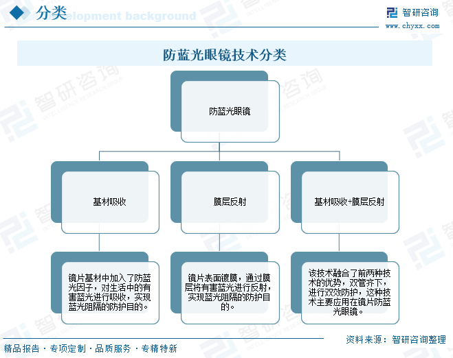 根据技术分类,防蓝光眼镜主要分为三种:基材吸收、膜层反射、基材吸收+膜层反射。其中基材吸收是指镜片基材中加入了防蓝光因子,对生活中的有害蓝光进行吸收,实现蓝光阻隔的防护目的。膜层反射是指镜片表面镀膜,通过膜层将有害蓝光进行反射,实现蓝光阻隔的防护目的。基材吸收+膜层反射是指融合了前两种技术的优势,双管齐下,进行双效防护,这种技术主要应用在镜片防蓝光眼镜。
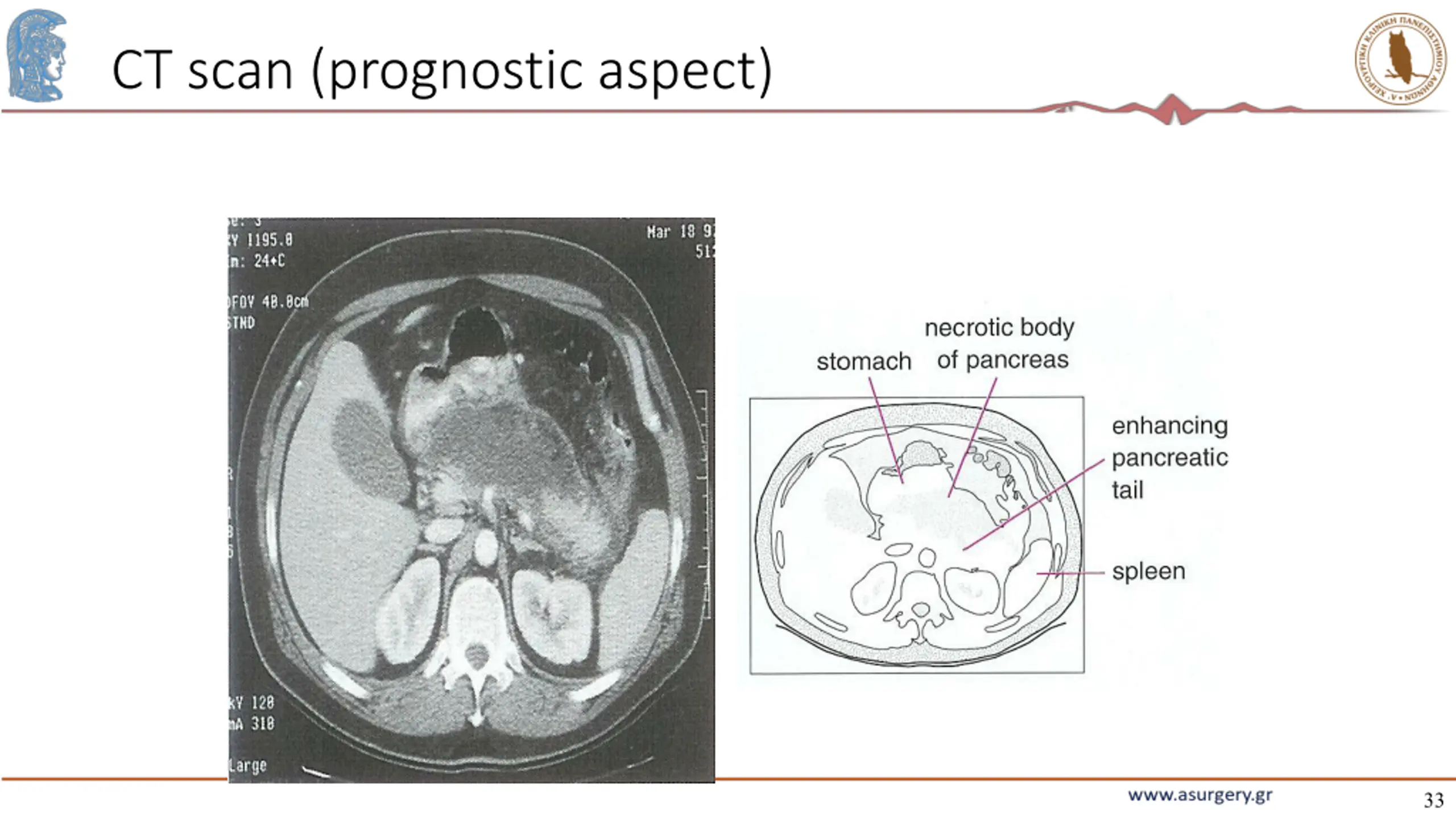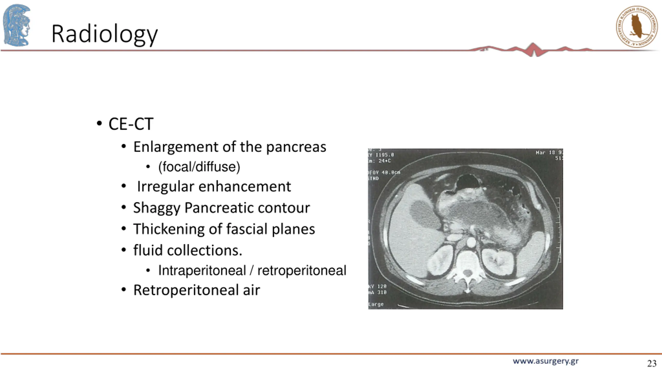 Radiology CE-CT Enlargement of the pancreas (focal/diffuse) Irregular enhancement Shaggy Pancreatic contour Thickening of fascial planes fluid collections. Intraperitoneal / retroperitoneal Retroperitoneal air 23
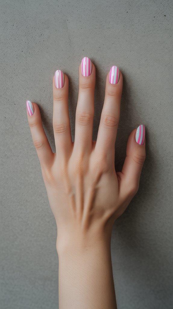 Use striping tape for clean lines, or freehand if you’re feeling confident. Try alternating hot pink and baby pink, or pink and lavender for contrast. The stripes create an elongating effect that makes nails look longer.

- - -

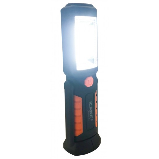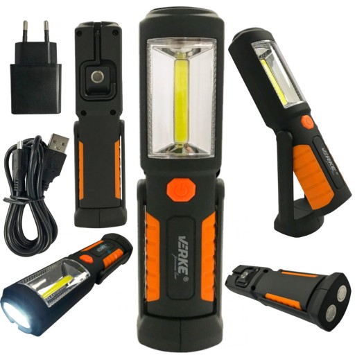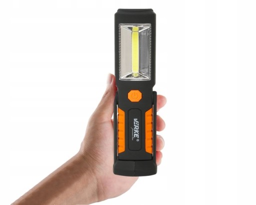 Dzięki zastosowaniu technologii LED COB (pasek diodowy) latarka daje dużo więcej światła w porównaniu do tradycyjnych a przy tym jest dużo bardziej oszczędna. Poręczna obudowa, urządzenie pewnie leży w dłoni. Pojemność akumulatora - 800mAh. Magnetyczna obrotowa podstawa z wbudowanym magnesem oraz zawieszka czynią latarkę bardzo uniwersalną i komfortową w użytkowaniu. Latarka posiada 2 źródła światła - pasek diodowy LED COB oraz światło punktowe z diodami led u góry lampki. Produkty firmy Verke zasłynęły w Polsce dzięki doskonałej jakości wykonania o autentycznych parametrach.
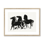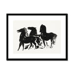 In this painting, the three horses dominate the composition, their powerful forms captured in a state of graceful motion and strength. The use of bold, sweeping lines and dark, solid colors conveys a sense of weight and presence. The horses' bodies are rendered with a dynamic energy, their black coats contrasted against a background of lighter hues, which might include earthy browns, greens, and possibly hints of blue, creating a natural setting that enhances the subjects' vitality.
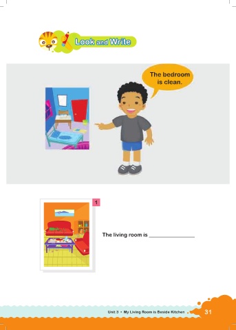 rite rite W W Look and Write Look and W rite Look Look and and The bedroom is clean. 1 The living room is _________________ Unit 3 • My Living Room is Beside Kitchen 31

- - -

Between and including the line with "In this painting, the" and the line with "rite rite W", repeat every line exactly as it appears above, with pictures left out.

 In this painting, the three horses dominate the composition, their powerful forms captured in a state of graceful motion and strength. The use of bold, sweeping lines and dark, solid colors conveys a sense of weight and presence. The horses' bodies are rendered with a dynamic energy, their black coats contrasted against a background of lighter hues, which might include earthy browns, greens, and possibly hints of blue, creating a natural setting that enhances the subjects' vitality.
 rite rite W W Look and Write Look and W rite Look Look and and The bedroom is clean. 1 The living room is _________________ Unit 3 • My Living Room is Beside Kitchen 31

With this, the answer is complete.